State-level action has been more aggressive. California’s 2025 law requires resort fees to be included in the advertised room rate, effectively banning the split-display tactic. New York and Pennsylvania have pursued similar measures through their attorneys general. The trend is toward mandatory total-price display, which would eliminate the search-ranking advantage that resort fees currently provide and, over time, likely reduce their prevalence.
FAQ
Q: Can I refuse to pay a resort fee?
A: You can ask, and you should if the fee was not disclosed at booking. If the fee was disclosed, the hotel is within its rights to charge it, and refusing at checkout may result in the charge being added to your card after departure. Your strongest leverage is at booking, not at checkout: choose a fee-free property or book with status that waives the fee.
Q: Do resort fees apply to award stays?
A: It depends on the program and your status. Hyatt waives resort fees on all award stays for all members. Hilton waives them for Gold and Diamond members on all stays. Marriott waives them on award stays for Platinum and above.
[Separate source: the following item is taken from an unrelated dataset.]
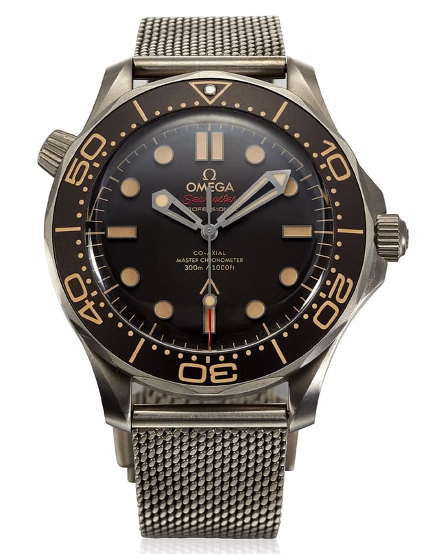OmegaZur Feier der 25-jährigen Zusammenarbeit zwischen Omega und James Bond wurde 2020 die „Seamaster Diver 300M 007 Edition“ präsentiert. Craig selbst trägt den militärisch angehauchten Zeitmesser aus Titan, der auffallend leicht und robust zugleich ist, in seinem letzten Auftritt als Bond im 2020 veröffentlichten Film „No Time to Die“. Die 42 Millimeter große Sonderedition besitzt eine Lünetteneinlage und ein Zifferblatt aus braunem Aluminium – zusammen mit der beigefarbenen Leuchtmasse sowie dem gewölbten Saphirglas entsteht so eine aufregende Vintage-Ästhetik, die durch das Milanaise-Band, das ebenfalls aus Titan besteht, komplettiert wird.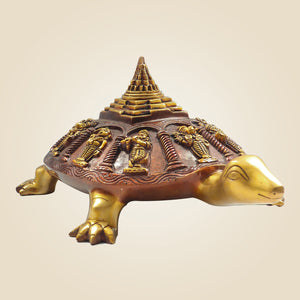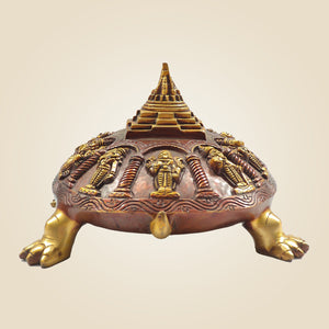 Brass Dashavatara on Tortoise Figurine stands at 5.75 inches and embodies the divine essence of Lord Vishnu’s ten avatars. The figurine is set on a tortoise base, symbolizing stability and protection. Its intricate detailing is enhanced by a butter polish finish, which adds a radiant, lustrous glow to the piece, making it a striking addition to any space. Ideal for spiritual settings, this piece reflects the balance between change and stability, offering a serene, sacred aura to your home or office.

IHG and Wyndham generally do not waive resort fees on award stays. Check the specific program rules before transferring points.
Q: Why do hotels charge resort fees instead of just raising the room rate?
A: Because raising the room rate makes the hotel look more expensive in search results relative to competitors who split the same total into base rate plus fee. Resort fees also avoid OTA commissions, since OTAs collect their percentage on the base rate only. The practice persists because the incentive structure rewards it, not because travelers prefer it.
Q: Are resort fees taxable?
A: Yes, in most jurisdictions the resort fee is subject to the same state and local occupancy taxes as the room rate. This means a $35 resort fee in a market with 14 percent occupancy tax actually costs you roughly $40 per night. The total-tax effect is another reason the fee is more expensive than it appears.